Page MenuHomePhabricator

Request ID for debug log
Closed, ResolvedPublic

Description

For a high-traffic site, MediaWiki does not provide much help for finding the right records in the debug logs. It would be nice if there would be a request ID which would be recorded and the same in all log lines recorded during that request. That ID would then be included in the HTTP response, making the identification of the right log events trivial. (Ideally, the ID would even be passed along in sub-requests that the main process makes, such as jobs or internal and external API request; see discussion in T113817.)

Due to the obvious privacy concerns the recording/handling of such an ID this should be opt-in and only used for debugging, e.g. activated by the presence of the X-Wikimedia-Debug header.

Event Timeline

Tgr raised the priority of this task from to Needs Triage.
Tgr updated the task description. (Show Details)
Tgr added a project: MediaWiki-Debug-Logger.
Tgr subscribed.

@csteipp was pretty concerned about tying operational logs to webrequest logs in the discussion at T113817#1711231, but in my reading he was ok with a per-request identification token that can be used to thread together operational logs (e.g. MediaWiki's wfDebugLog events and their equivalents). I would like his input however before we actually implement a solution for this task.

When the Monolog logging stack is used, adding an internal value for correlating log events is as easy as adding a Monolog\Processor\UidProcessor to the Monolog configuration and then exposing the value it generates in the logger output. We actually already use this in the WMF production Monolog config, but the value that is generated is only visible in Logstash. Adding %extra.uid% to the log message format we use for udp2log messages would expose it on fluorine as well. Getting this value added to a response header that is sent back to the client is a bit trickier but probably doable.

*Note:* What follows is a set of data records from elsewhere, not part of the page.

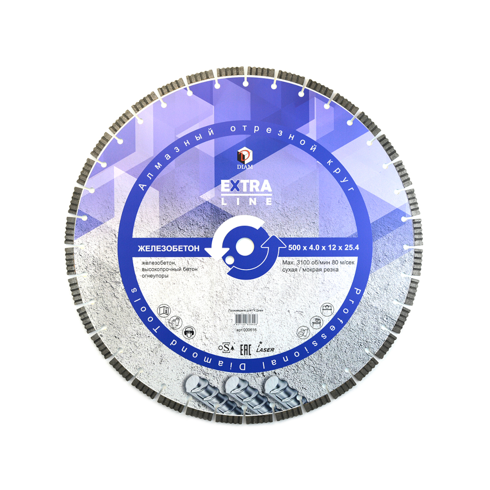 Характеристики Диск алмазный 500x4.0x12x25.4 (железобетон) DIAM Extra Line (000616)
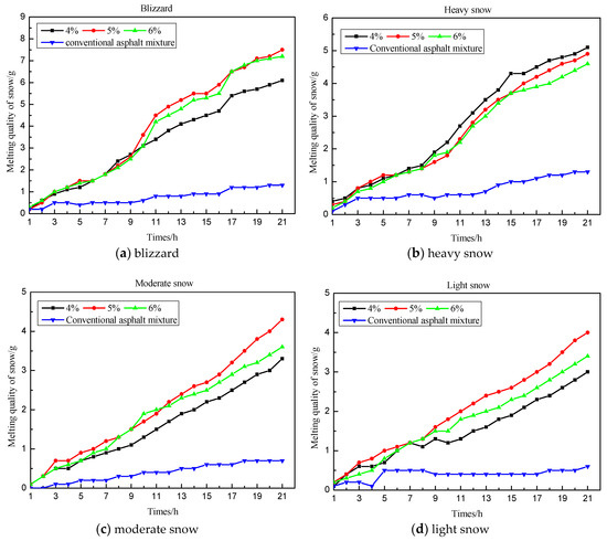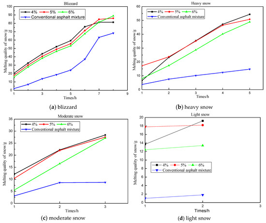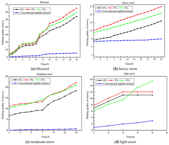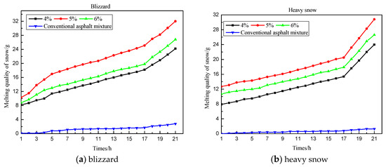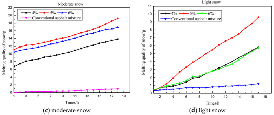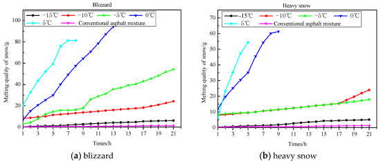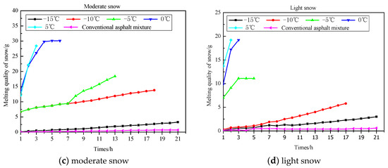 It can be observed that moderate snow was melted within 18, 13, 6 and 3 h at −10, −5, 0, and 5 °C, respectively; light snow was melted within 17, 5, 3 and 2 h at −10, −5, 0, and 5 °C, respectively; snow from a blizzard was melted within 13 and 5 h at 0 and 5 °C, respectively; and heavy snow was melted within 9 and 8 h at 0 and 5 °C, respectively. The melting rate rose with the increase of temperature. Under same snowfall intensity, anti-icing filler spent less time on melting the snows with same masses at a higher temperature. It is indicated that the snow-melting effect of anti-icing admixture is strongly dependent on temperature. The melting effect is weak at low temperatures.
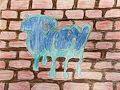 The graffiti background is interesting. The brick wall brings your eyes to the drawing, which provide good contrast to the blue and turquoise colors. Love it.
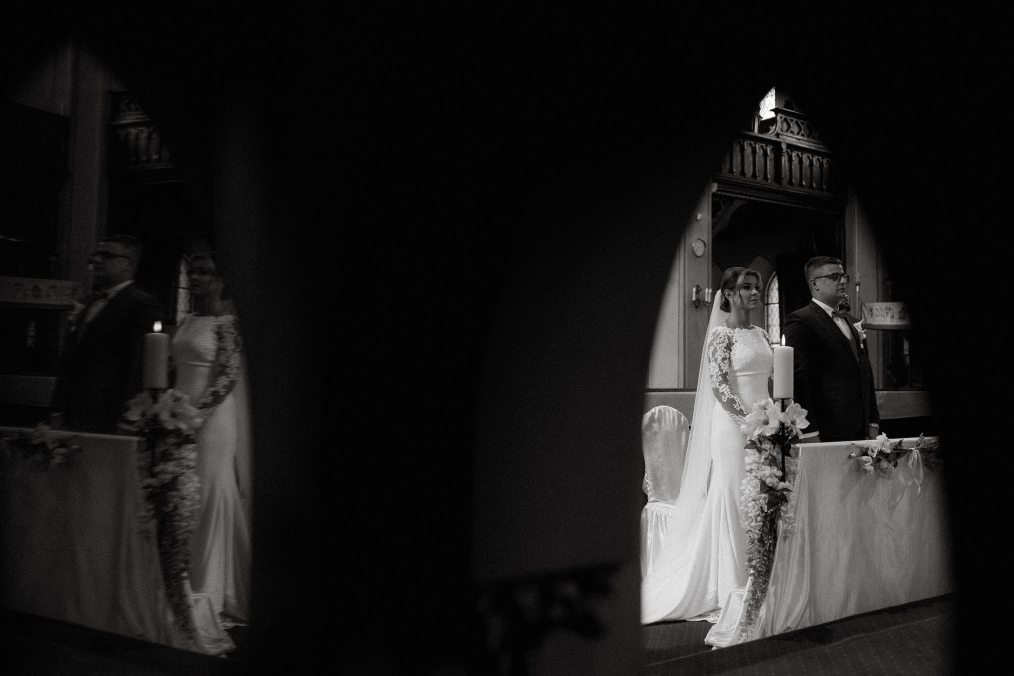 Na ślubie Magdy i Mateusza udało się przeprowadzić fascynujący (dla mnie :)) eksperyment. Pracowałem równolegle z ekipą foto-video – wspaniali ludzie o zupełnie innym spojrzeniu na ślub. Ten sam dzień, te same momenty, często dosłownie obok siebie. A mimo to finalnie powstały dwa różne reportaże.
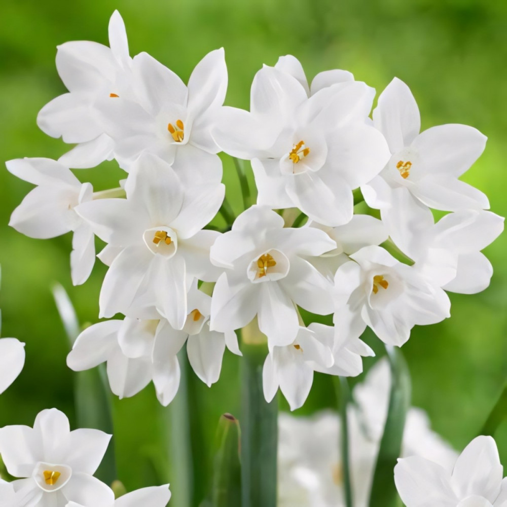 Нарцисс мини Пэпервайт Зива – целое душистое облако белоснежных цветов на одном цветоносе. Сорт относится к многоцветковым нарциссам. Цветение позднее, начинается в мае, может продолжаться в июне. Лепестки – белые, коронка - низкая, узкая, молочного оттенка. Высота – 25 см.
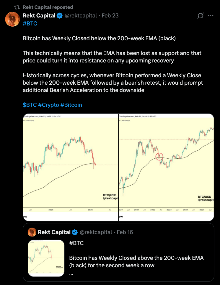 Также BTC находится примерно в 9% от своей 200-недельной экспоненциальной скользящей средней (около $58 855) — уровня, который некоторые трейдеры в прошлых циклах рассматривали как начало процесса формирования дна. При этом аналитик Rekt Capital настроен менее оптимистично.
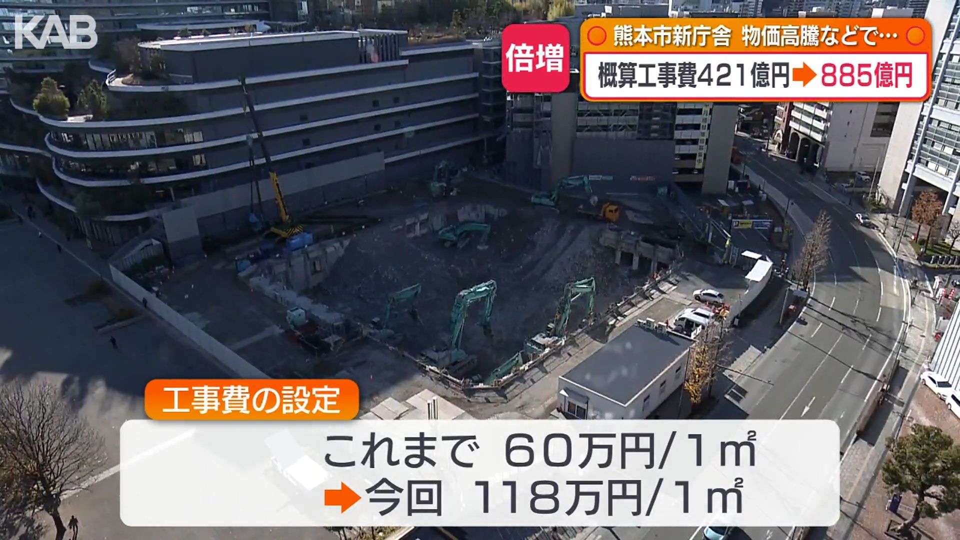 熊本市役所の新庁舎の概算工事費が421億円から885億円に。工事費の高騰などを理由に2倍以上の額となる試算が、22日の市議会特別委員会で説明されました。
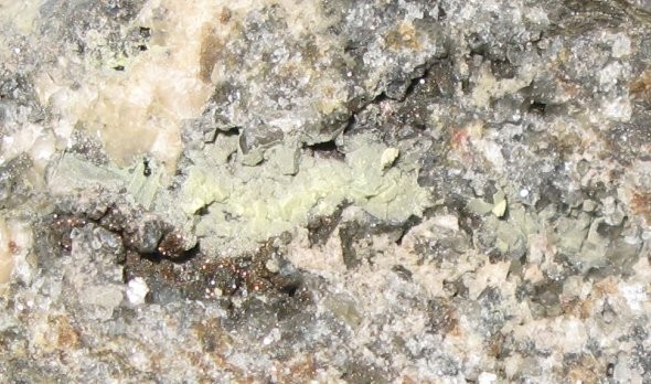 Bei dem gelben Mineral ist es nicht so ganz einfach. Wenn es wirklich fluoresziert, dann könnte es Metauranospinit oder Bergenit sein. Auch letzterer ist eindeutig von der 139 nachgewiesen. Uranophan ist anders ausgebildet und somit auszuschließen.
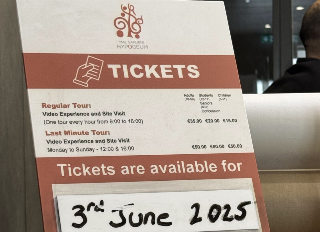 El segundo día tocaba despertarse prontito porque queríamos ser los primeros en la cola para algo que se nos antojaba imprescindible. En un alarde de imprevisión, al acceder a la web para comprar entradas para el Hipogeo de Hal Safieni nos llevamos la bonita sorpresa de que no había tickets disponibles… ¡hasta dentro de tres meses! Pero tras los primeros momentos de desesperación descubrimos que no todo estaba perdido: leímos en un blog que cada día a las 9 de la mañana se ponen a la venta tan solo 20 entradas para el día siguiente en el Fuerte Saint Elm en La Valetta (en las propias taquillas del Hipogeo también, pero es a partir de las 10 y siempre quedan agotadas a las 9 en Saint Elm) Así que a as 8:45 ya estábamos en la cola en el puesto número tres con el éxito garantizado.
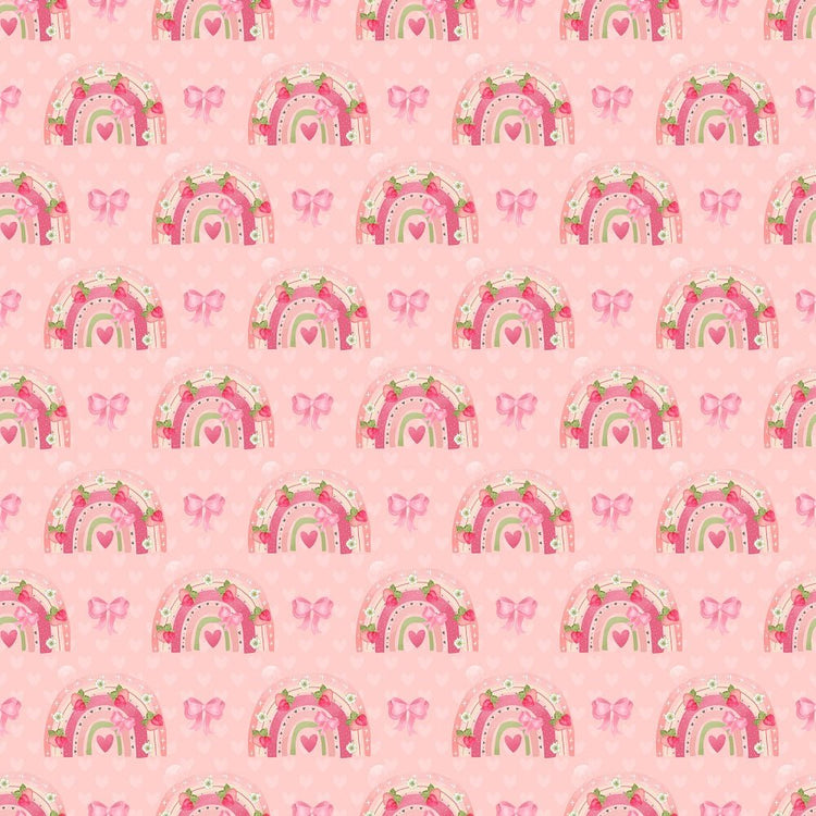 The Pink Strawberry Rainbows on Hearts Fabric is part of the Strawberry Rainbows Fabric Collection printed by Sew Creative Fabrics. Digitally Printed on 100% cotton.
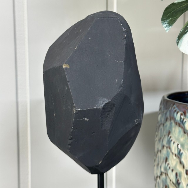 Denne nydelige Ametystgeoden i mørk lilla er et ekte blikkfang. Montert på et solid metallstativ, fremheves de naturlige krystallformasjonene på en sofistikert måte. Hver geode er unik, med sitt eget mønster og glitrende krystallstruktur, noe som gjør den til et eksklusivt innslag i enhver innredning.
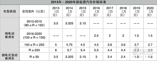 其中2013年-2020年新能源乘用車的補貼標準如下圖。
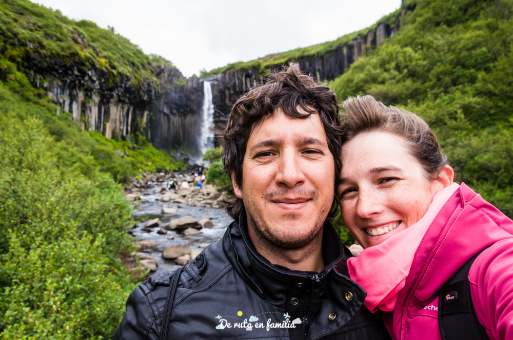 Visto que el tiempo aguantaba un poco decidimos seguir uno de los senderos que hay marcados en el Parque y llegar hasta la cascada Svartifoss, que está rodeada por columnas basálticas de color negro de origen volcánico. Llegar es un paseo de una media hora (hace algo de subida) que vale la pena.
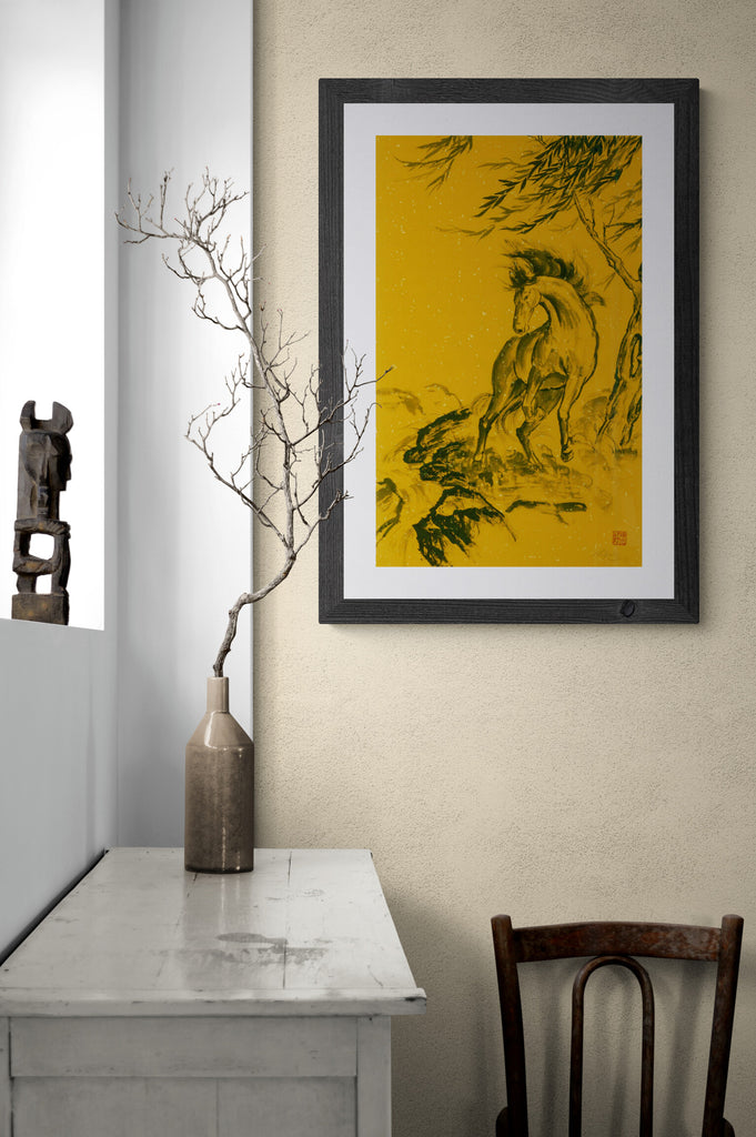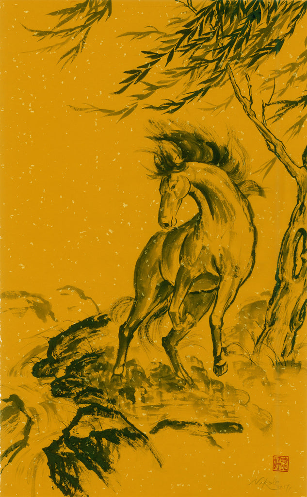 Nikole explains that the inspiration behind her painting was to depict a horse enjoying itself and getting playful on a windy day, just like the horses she had when she was younger. The way she has captured the essence of that moment, particularly with the wind rustling through the weeping willows, is truly impressive. This stunning artwork is an original Chinese piece by Nikole Lowe, painted on dyed xuan paper - a fragile rice-based paper with gold flecks.
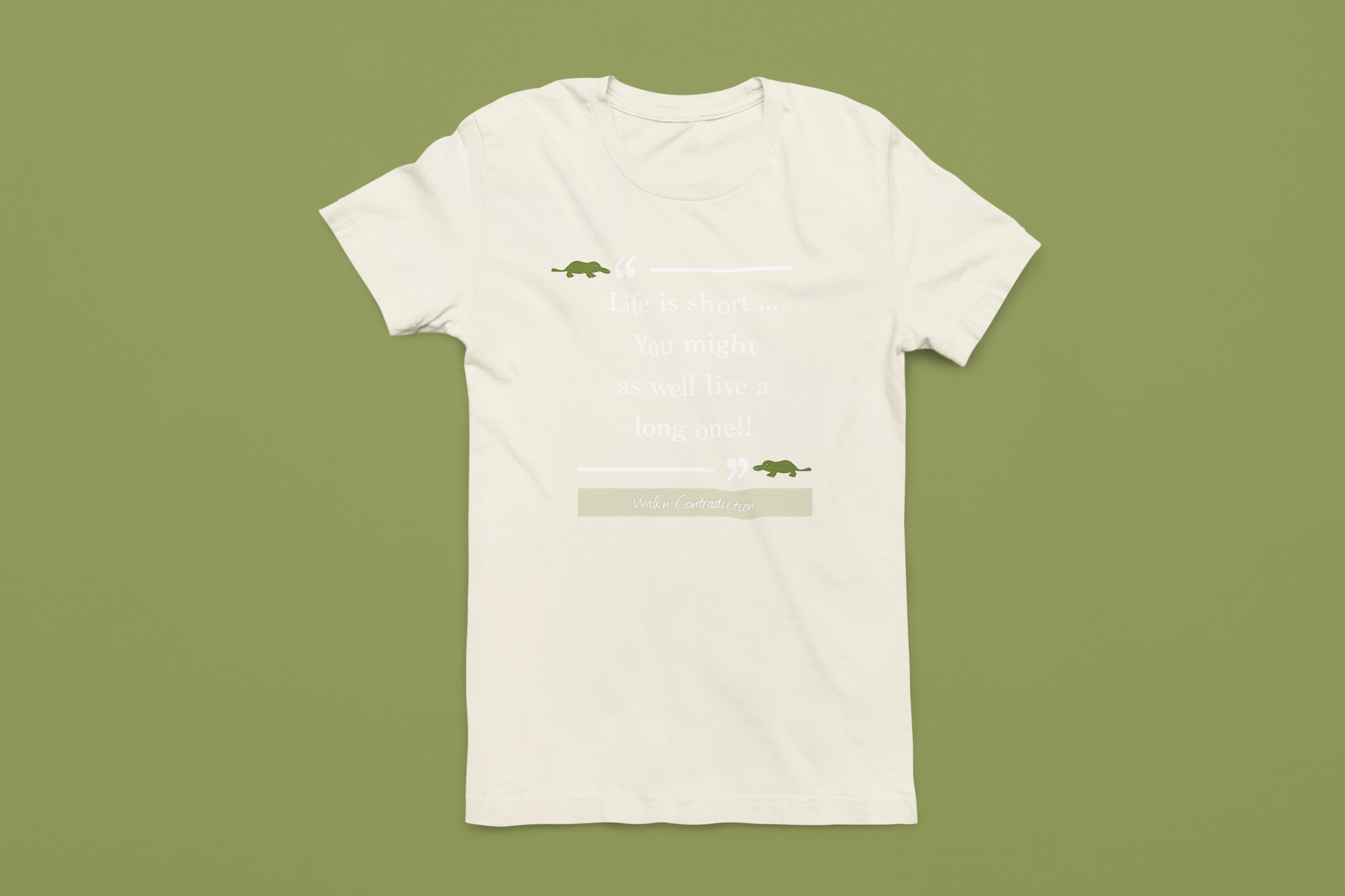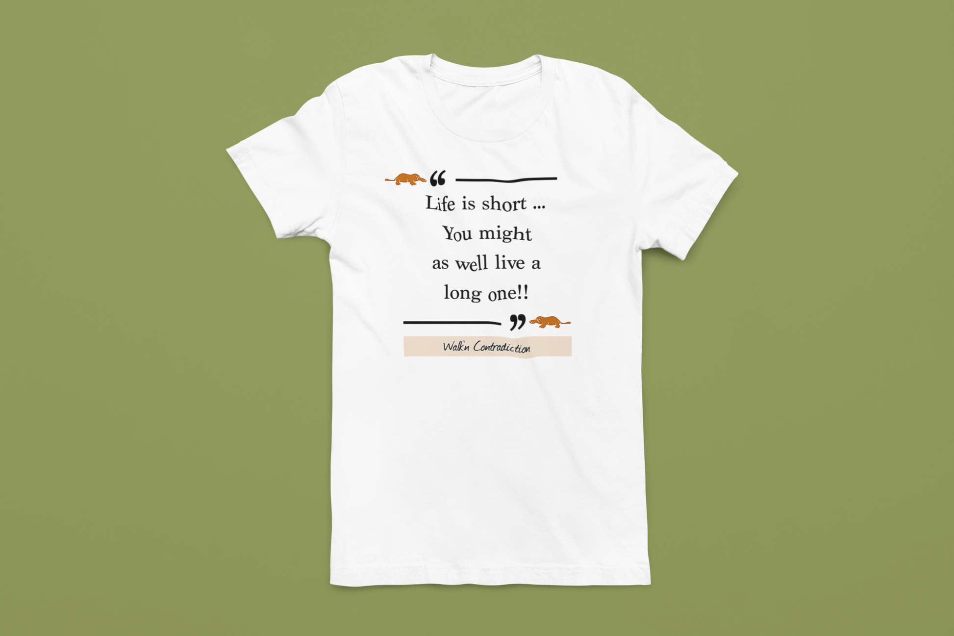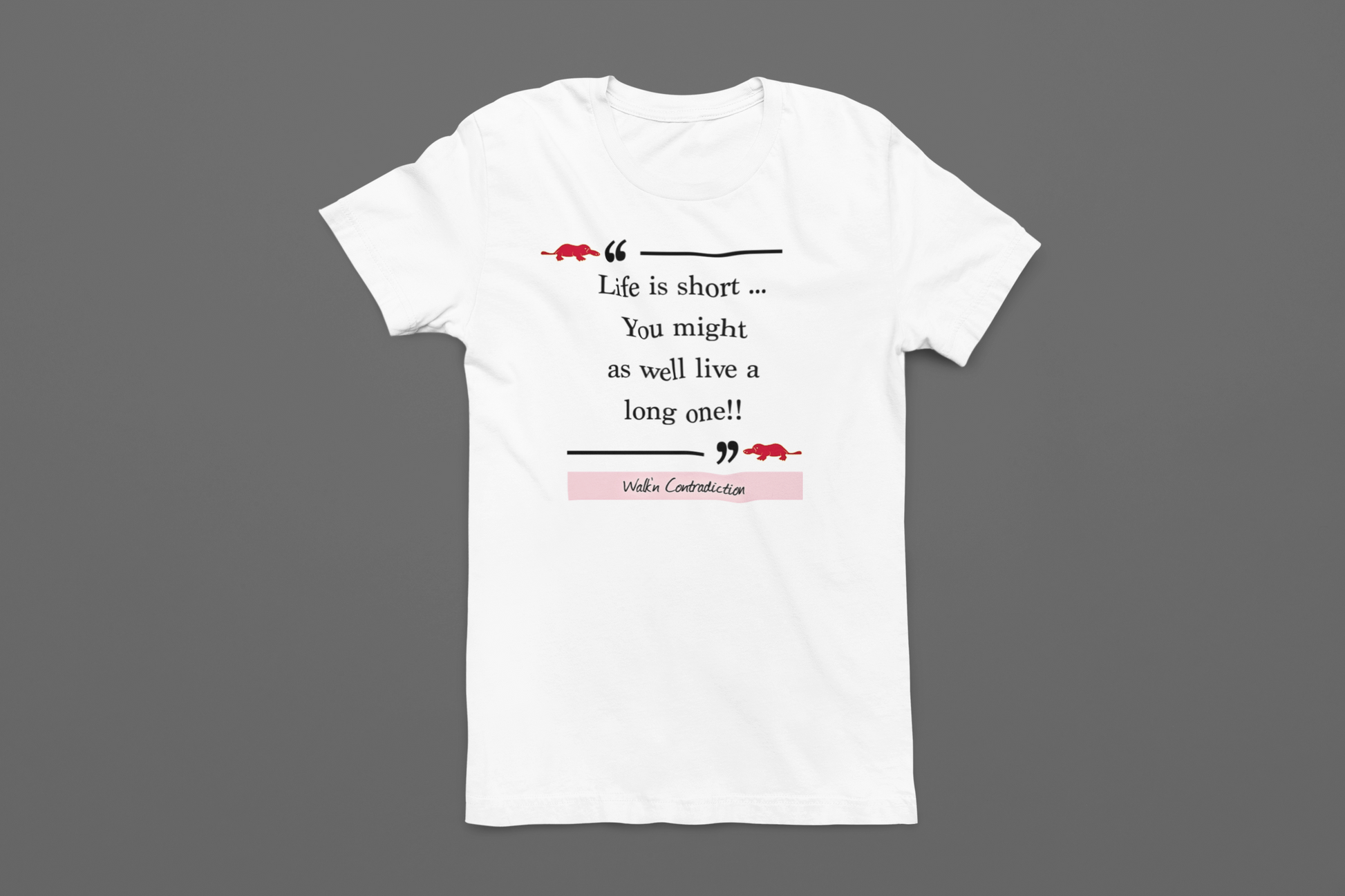 Super soft , lightweight and pre- shrunken unisex t. Made with 100% Airlume combed and ring-spun cotton, with "Life is short.. You might as well live a long one!!" quoted on the front with platypus bookends.
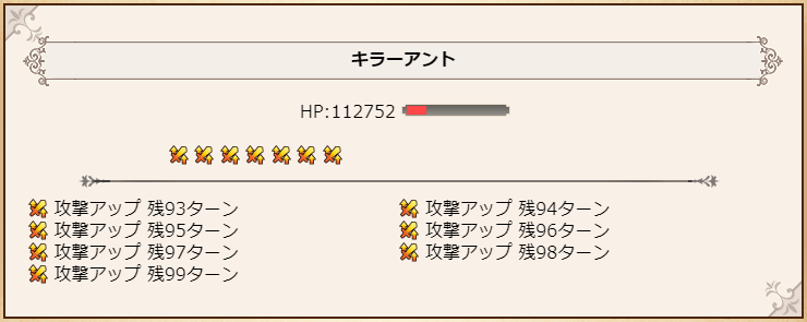 そもそもキラーアントの攻撃アップ残99ターンってどういうことなの。これ不具合じゃないんならチートも良いとこだよなー。

A more complete solution to debug event correlation would involve something like the [[https://github.com/search?q=%40wikimedia+X-Request-Id&type=Code&utf8=%E2%9C%93|X-Request-Id correlation that RESTBase and other services implement]] being added to MediaWiki:

  1. Add a new $wgRequestId global variable (@Legoktm will hate me for that but maybe he has a better idea) that is initialized very early in the MediaWiki request cycle.
  2. Initialize $wgRequestId to either match an inbound X-Request-Id header (set by RESTBase or some other upstream tier) or a new UUID value.
  3. Add the $wgRequestId data to the logging context automatically using a Monolog processor (with support added to LegacyLogger as well).
  4. Add an X-Request-Id: $wgRequestId header to requests that MediaWiki makes to downstream services.
  5. (optionally) Add an X-Request-Id: $wgRequestId header to responses sent to clients. This would probably be feature flagged with a new DefaultSettings config variable and then WMF and other sites could decide how to set the flag in local configuration.

Add an X-Request-Id: $wgRequestId header to requests that MediaWiki makes to downstream services.

That should IMO be spun into its own task: make MediaWiki and services be able to propagate a configurable set of headers.

Another instance of that is X-Wikimedia-Debug: your code might make HTTP calls to other wikis (e.g. global user pages), to the thumbnail scalers, it might schedule jobs etc. You don't want that process tree to leak into another deployment branch.

Krinkle closed this task as Resolved.EditedSep 14 2018, 6:03 PM
Krinkle claimed this task.
Krinkle subscribed.

The reqId and unique_id property are both present on most MediaWiki channels now, and have been for a year or so (possibly longer?).

This also applies to the debug channel, per https://wikitech.wikimedia.org/wiki/X-Wikimedia-Debug#Debug_logging.

Closing as such. Please re-open if I misunderstood.